2. Scatterplots (Off-Diagonal Plots)
The off-diagonal plots show scatterplots of the relationships between pairs of variables:
Rank vs Sales (NA_Sales, EU_Sales, JP_Sales, Other_Sales, Global_Sales)
- There is a clear negative trend: better-ranked games (lower rank) tend to have higher sales across all regions and globally.
- The scatterplots are dense at the lower sales levels, with outliers showing games with exceptionally high sales.
Year vs Sales
- There is no strong pattern between release year and sales. However:
- A slight increase in sales is observed for games released in the early 2000s to early 2010s.
- Sales for older games (pre-1990) and recent games (post-2015) are sparse and lower.
Regional Sales vs Global Sales
- NA_Sales, EU_Sales, JP_Sales, and Other_Sales vs Global_Sales:
- Strong positive linear relationships, especially for North America and Europe, indicating that these regions contribute significantly to global sales.
- Japan's sales show a weaker positive trend compared to other regions.
Regional Sales vs Each Other
- NA_Sales vs EU_Sales: Strong positive trend; games that sell well in North America often perform well in Europe.
- NA_Sales vs JP_Sales / EU_Sales vs JP_Sales: Moderate trends; sales success in North America and Europe is less aligned with Japan.
- Other_Sales vs NA_Sales / EU_Sales: Moderate positive relationships; some correlation exists between these regions and "other" sales.
Key Insights
- Rank as a Predictor of Sales:
- Lower (better) ranks are strongly associated with higher sales globally and in all regions.
- Outliers with very high sales are better ranked.
- Sales Distributions:
- Sales data is heavily skewed, with the majority of games having low sales and a few top-selling games contributing disproportionately.

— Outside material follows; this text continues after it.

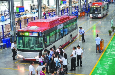 8月31日,兩輛“金馬”牌純電動公交車即將完成組裝。當日,位于天津市武清區的天津比亞迪新能源客車基地正式竣工,首臺“金馬”牌純電動公交車在這里下線。該基地由天津市公交集團和比亞迪汽車工業有限公司合資合作建設,為華北地區首個新能源大型客車生產基地,目前一期建設的聯合廠房預計可年產3000輛新能源汽車。

- Global and Regional Sales Correlations:
- North America and Europe are the strongest contributors to global sales.
- Japan has less alignment with other regions, indicating distinct market preferences.
- Time Trends:
- The dataset contains most games between 2000 and 2015, with fewer games before 1990 or after 2015.
- Sales show minimal dependency on release year, though most high-sales games were released in the early 2000s to early 2010s.
Overall
This pairplot highlights the relationships between variables, confirming:- Strong correlations between global and regional sales.
- A negative relationship between rank and sales.
- Skewed distributions across sales metrics.